All participants began metformin (76%) or sulfonylurea (24%) monotherapy after the baseline period. Guidelines recommend metformin as a first-line treatment for type 2 diabetes, whereas sulfonylureas are considered second-line drugs that should be added to metformin.
After adjustment for confounders such as socioeconomic status and other medical conditions, the researchers found a significantly lower risk of dementia in black patients who took metformin, compared with those taking a sulfonylurea (hazard ratio, 0.73; 95% confidence interval, 0.6-0.89). There was no difference between the drugs among white patients (HR, 0.96; 95% CI, 0.9-1.03, both P = .008)
The results were not statistically significant among age groups, but there were trends. In black patients, the dementia-lowering benefit was largest among those aged 50-64 years (HR, 0.6; 95% CI, 0.45-0.81), followed by those aged 65-74 years (HR, 0.71; 95% CI, 0.53-0.94), and there was no benefit among those aged at least 75 (HR, 1.17; 95% CI, 0.73-1.85) all P = .055. There was a slight benefit among white patients in one of the age groups – 65-74 years (HR, 0.9; 95% CI, 0.82-0.99; P = .315).

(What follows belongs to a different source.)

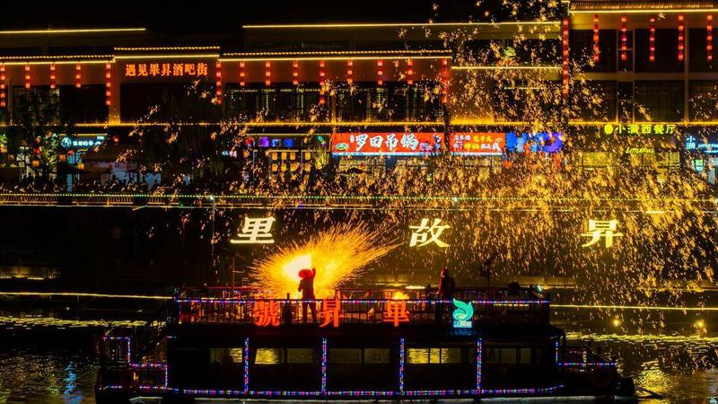 市场热度直观印证产品吸引力:遗爱湖夜游项目游船运力,从每日600人次提升至1400多人次;江山明月剧场1369个座位每晚演出一票难求,7日、8日还额外增设100个票位。省文旅集团最初预计《大江东去》上座率不足40%,最终却实现100%满座。不仅如此,麻城龟峰山“猜灯谜赏飞天”、团风大崎山“星空露营”等夜游项目同步发力,与东坡文化主题项目共同构建起“一灯一船一剧”的夜游主轴,让黄冈的夜晚洋溢着独特魅力。

The authors suggested that the findings could have been the result of an effect of metformin to reduce vascular disease and chronic inflammation in black patients.
They also noted that further research is needed to identify the demographic and clinical subgroups in which metformin is most strongly associated with a reduction in the risk of dementia. In addition, they emphasized that clinical trials are needed to confirm the study findings.
The National Institutes of Health funded the study. The authors report no relevant disclosures.
SOURCE: Scherrer JF et al. Ann Fam Med. 2019;17:352-62.
FROM ANNALS OF FAMILY MEDICINE
Key clinical point:
Major finding: Metformin monotherapy, compared with sulfonylurea monotherapy, was linked to a significantly lower risk for dementia in black patients (HR, 0.73; 95% CI, 0.6-0.89), but not in white patients (HR, 0.96; 95% CI, 0.9-1.03; P = .008).
Study details: Retrospective analysis of 73,761 patients aged 50 years or older in the Veterans Health Administration system who were tracked from 2000-2001 to 2015 and began metformin or sulfonylurea monotherapy after baseline.
Disclosures: The National Institutes of Health funded the study. The authors report no relevant disclosures.